Relações de Ideias (A Priori)
- Proposições verdadeiras, necessárias e evidentes, referentes à relação entre as ideias em causa.
- Embora estas ideias não deixem de derivar da experiência, a relação entre elas é independente da experiência, não estando a sua verdade dependente do confronto com a mesma.
- Baseiam-se no princípio da contradição, uma vez que negar essas ideias é emitir uma contradição.
- Conhecimentos lógicos e matemáticos.
Questões de Facto (A Posteriori)
- O valor de verdade destas proposições só pode ser verificado recorrendo à experiência.
- Não é logicamente impossível afirmar o contrário de um facto.
- Proposições contingentes.
Crítica de Hume à Indução
O raciocínio indutivo baseia-se no Princípio da Uniformidade da Natureza (o futuro assemelha-se ao passado e ao presente). No entanto, o Princípio da Uniformidade da Natureza baseia-se naquilo que ele próprio quer fundamentar: a Falácia da Petição de Princípio.
Confiança na Indução
- Não tem um fundamento racional.
- Não pode ser justificada só pela experiência.
- É uma necessidade psicológica e de sobrevivência.
- Baseia-se numa inclinação, num hábito, num costume, num instinto, numa expectativa.
- A certeza de que o fogo queimará assenta apenas num fundamento psicológico que é o hábito ou o costume.
- O hábito é um guia imprescindível da vida prática, mas não constitui um princípio racional.
- O indivíduo tem necessidade de produzir um hábito e de acreditar numa causalidade de modo a conseguir planear as suas ações e a viver com tranquilidade.
Ceticismo Moderado ou Mitigado de Hume
- Hume reconhece as limitações das nossas capacidades cognitivas e a nossa propensão para o erro.
- Reconhece-se que a nossa capacidade de conhecer é limitada e que o nosso conhecimento é falível.
- O nosso conhecimento sobre o mundo baseia-se na experiência, mas este não é suficiente para fornecer conhecimentos certos e necessários, sendo o nosso conhecimento meramente provável.
- Apesar de não terem um fundamento racional suficiente, as nossas crenças na existência do mundo exterior, na causalidade e na uniformidade da natureza têm de ser mantidas para podermos viver e conhecer.

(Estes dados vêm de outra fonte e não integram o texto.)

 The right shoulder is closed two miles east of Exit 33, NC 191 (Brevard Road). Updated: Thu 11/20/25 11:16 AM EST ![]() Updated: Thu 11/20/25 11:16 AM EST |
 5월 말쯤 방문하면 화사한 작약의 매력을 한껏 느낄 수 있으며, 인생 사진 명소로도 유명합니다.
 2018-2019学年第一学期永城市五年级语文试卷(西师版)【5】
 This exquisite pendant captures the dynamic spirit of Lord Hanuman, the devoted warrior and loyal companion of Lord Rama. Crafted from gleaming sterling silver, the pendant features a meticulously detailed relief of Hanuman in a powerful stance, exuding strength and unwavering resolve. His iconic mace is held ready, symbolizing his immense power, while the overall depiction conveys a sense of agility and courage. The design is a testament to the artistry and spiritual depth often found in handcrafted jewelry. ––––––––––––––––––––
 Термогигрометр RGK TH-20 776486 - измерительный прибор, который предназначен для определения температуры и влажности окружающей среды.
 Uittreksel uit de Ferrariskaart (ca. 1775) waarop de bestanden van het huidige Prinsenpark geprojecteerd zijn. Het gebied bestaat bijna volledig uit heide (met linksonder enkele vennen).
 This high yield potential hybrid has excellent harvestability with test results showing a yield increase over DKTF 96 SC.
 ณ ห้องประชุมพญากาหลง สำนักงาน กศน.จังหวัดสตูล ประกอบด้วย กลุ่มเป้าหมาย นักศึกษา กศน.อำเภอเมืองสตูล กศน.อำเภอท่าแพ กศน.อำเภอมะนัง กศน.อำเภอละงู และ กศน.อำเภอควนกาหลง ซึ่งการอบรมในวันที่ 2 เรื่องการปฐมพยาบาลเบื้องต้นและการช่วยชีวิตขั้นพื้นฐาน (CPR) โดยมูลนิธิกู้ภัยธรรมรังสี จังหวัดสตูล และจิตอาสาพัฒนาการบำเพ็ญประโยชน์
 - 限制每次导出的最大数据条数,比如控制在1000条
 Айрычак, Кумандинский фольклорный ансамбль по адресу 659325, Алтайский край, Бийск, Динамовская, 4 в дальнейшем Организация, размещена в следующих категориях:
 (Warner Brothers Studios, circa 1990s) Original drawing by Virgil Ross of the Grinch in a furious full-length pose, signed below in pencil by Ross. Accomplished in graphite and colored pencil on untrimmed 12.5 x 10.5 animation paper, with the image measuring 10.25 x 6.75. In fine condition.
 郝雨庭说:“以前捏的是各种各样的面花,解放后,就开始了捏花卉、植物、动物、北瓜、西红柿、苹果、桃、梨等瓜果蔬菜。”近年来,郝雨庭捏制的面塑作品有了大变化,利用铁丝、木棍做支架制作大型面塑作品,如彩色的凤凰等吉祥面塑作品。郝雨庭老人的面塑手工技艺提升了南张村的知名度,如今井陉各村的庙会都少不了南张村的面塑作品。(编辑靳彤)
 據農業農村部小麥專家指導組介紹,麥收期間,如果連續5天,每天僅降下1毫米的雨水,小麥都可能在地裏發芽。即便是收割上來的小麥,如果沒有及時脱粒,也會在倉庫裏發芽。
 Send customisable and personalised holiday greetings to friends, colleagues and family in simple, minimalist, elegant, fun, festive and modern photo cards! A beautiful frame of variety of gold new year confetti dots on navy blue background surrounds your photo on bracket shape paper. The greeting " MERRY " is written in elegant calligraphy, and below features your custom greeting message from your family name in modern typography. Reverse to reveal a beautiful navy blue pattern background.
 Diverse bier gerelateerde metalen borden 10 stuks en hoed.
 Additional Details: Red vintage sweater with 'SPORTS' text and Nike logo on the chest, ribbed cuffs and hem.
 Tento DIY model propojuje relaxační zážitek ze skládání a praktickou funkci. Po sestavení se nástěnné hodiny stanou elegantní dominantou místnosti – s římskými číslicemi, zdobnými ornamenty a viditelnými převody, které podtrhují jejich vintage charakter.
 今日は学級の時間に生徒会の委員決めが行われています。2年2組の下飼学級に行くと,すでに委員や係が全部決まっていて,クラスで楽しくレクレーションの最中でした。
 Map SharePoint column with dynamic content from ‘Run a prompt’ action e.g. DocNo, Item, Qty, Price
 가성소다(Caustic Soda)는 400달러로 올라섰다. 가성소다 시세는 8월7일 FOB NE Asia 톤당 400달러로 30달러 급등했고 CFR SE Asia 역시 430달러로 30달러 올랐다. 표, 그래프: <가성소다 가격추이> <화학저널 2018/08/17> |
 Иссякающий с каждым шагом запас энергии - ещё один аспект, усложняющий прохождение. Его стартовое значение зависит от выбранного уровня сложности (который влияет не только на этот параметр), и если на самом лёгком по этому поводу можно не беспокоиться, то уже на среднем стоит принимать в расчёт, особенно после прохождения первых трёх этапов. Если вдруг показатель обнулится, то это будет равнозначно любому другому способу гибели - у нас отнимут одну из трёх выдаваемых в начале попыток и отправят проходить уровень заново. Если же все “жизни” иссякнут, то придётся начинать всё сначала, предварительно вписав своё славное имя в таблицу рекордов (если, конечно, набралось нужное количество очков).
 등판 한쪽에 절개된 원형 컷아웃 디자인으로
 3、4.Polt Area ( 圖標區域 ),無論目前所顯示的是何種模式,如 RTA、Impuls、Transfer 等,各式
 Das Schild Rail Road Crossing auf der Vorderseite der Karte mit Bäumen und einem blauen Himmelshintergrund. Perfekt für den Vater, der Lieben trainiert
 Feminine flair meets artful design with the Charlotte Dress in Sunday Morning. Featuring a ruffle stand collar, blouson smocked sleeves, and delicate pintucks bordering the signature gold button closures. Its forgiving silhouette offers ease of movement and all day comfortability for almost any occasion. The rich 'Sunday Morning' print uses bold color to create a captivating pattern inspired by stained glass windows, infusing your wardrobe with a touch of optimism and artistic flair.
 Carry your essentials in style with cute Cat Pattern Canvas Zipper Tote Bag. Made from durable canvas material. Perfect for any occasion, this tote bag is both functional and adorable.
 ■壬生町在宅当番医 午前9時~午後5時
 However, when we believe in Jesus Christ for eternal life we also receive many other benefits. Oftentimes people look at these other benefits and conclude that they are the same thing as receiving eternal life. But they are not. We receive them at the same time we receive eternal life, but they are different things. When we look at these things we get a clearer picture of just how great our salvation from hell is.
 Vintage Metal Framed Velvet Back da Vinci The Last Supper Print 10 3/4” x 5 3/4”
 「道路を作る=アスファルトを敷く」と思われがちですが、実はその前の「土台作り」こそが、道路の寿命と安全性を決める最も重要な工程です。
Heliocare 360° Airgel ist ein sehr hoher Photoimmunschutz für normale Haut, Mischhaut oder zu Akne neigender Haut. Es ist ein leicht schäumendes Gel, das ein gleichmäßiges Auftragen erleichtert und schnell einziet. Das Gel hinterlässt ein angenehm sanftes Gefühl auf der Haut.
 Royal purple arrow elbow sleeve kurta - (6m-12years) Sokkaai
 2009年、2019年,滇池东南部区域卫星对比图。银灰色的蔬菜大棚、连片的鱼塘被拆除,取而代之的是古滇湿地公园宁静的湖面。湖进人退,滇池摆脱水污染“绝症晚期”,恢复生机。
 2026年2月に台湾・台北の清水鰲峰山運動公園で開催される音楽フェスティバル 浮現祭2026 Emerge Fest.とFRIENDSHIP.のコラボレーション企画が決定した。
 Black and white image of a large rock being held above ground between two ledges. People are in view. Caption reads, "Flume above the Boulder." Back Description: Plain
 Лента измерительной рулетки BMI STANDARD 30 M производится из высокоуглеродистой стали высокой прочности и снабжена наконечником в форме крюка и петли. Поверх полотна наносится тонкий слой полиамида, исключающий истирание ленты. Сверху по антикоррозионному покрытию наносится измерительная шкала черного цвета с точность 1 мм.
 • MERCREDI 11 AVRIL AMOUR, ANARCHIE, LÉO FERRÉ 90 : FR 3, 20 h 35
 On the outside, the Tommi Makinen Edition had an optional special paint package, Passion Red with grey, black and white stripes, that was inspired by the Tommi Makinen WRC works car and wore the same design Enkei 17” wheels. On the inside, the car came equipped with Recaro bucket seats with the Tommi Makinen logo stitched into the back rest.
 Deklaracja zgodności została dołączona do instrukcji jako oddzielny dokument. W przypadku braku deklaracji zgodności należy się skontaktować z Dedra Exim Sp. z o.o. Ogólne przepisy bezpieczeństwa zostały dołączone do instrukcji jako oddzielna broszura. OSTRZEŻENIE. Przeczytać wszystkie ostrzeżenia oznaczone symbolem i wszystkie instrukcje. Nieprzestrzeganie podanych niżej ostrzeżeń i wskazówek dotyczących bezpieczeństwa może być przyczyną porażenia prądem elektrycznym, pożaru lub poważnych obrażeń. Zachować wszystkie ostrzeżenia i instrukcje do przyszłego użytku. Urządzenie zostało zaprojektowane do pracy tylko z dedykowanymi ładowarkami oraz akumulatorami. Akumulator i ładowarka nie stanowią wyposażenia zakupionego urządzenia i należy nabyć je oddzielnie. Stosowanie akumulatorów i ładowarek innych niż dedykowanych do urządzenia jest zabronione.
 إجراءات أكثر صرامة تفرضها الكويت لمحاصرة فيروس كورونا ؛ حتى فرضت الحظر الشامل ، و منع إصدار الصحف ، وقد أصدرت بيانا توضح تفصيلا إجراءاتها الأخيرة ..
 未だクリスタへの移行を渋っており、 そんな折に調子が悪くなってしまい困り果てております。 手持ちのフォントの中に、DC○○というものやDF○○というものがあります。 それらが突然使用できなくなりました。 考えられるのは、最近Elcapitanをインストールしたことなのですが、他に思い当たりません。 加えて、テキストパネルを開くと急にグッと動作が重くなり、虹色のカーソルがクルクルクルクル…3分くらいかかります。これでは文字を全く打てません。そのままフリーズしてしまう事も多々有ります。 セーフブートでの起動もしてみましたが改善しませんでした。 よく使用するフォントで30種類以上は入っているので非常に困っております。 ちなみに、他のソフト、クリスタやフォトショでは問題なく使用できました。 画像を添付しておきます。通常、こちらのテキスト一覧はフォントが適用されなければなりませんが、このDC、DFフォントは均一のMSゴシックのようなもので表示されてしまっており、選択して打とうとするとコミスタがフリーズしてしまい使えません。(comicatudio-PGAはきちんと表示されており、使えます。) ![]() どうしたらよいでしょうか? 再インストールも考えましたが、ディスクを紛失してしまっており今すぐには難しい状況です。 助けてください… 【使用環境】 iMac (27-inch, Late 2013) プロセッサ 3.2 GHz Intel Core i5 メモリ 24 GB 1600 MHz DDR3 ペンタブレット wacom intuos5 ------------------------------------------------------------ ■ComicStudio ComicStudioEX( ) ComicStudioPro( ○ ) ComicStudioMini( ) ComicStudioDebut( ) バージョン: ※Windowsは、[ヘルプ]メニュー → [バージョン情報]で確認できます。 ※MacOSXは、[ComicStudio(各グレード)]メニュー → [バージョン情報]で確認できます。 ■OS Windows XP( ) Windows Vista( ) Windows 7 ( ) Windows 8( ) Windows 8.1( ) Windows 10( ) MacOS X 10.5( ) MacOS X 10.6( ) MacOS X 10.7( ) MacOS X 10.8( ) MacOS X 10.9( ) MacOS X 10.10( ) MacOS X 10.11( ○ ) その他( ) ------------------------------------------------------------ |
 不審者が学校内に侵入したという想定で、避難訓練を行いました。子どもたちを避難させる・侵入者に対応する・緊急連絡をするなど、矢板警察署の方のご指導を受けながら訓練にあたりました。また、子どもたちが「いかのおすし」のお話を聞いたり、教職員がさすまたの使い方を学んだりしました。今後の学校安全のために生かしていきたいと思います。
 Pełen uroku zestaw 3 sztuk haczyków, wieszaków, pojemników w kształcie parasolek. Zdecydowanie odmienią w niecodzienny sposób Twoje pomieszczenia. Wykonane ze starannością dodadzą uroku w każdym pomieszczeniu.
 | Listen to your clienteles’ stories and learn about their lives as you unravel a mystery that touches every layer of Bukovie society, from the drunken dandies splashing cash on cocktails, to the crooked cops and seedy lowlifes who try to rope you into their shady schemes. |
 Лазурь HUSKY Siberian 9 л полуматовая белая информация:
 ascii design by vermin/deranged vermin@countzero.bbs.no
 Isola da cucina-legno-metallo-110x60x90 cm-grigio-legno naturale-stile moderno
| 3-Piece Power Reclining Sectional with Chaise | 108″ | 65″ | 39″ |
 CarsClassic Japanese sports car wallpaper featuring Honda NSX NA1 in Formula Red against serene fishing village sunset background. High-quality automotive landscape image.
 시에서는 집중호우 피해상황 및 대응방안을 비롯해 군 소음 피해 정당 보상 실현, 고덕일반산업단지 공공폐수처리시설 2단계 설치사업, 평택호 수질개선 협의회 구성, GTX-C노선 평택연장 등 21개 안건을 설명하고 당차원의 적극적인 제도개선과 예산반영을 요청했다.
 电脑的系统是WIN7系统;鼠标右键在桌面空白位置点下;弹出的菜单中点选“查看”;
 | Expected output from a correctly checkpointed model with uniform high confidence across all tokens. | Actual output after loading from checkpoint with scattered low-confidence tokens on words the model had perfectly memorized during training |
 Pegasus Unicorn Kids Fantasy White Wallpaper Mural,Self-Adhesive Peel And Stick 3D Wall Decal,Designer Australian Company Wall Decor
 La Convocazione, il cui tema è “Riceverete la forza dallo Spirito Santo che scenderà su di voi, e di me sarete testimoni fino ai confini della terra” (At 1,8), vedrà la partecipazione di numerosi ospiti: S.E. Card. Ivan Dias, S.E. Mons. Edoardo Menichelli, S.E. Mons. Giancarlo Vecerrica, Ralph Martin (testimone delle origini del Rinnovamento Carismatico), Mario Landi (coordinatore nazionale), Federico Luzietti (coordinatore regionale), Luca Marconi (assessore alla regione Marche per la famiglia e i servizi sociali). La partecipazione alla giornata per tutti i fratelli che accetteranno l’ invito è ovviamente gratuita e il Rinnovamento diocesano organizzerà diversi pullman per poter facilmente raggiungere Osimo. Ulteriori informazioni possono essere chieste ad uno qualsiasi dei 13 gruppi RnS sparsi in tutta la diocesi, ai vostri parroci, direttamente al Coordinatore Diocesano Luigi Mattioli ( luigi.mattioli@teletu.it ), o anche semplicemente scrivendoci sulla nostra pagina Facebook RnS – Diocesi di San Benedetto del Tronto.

- Temos de ter consciência de que essas crenças não são verdades necessárias, mas sim superstições.
O Problema do Mundo Exterior
- Só podemos considerar real um hipotético mundo exterior se as coisas forem independentes das nossas impressões.
- O problema está no facto de que não temos experiência, nem impressão de tal realidade exterior.
- São a coerência e a constância de certas perceções que nos levam a acreditar que há coisas externas, dotadas de uma existência contínua e independente.
Críticas à Filosofia de David Hume
- O ceticismo de Hume pode conduzir à descrença ou desconfiança relativamente à nossa capacidade de conhecer e pôr em causa a investigação e os progressos científicos.
- Se abandonássemos a crença na realidade do mundo exterior e o princípio da causalidade (mesmo que este não tenha um valor objetivo), cairíamos numa hesitação constante e a vida prática tornar-se-ia insuportável.
- A análise do conhecimento humano, nomeadamente da indução, centra-se mais em questões psicológicas do que na procura racional filosófica dos limites e condições dessas crenças.
- A reflexão filosófica sobre a experiência e o conhecimento humano é também ela metafísica, estando fora da lógica e da matemática e ultrapassando as questões de facto e a própria experiência.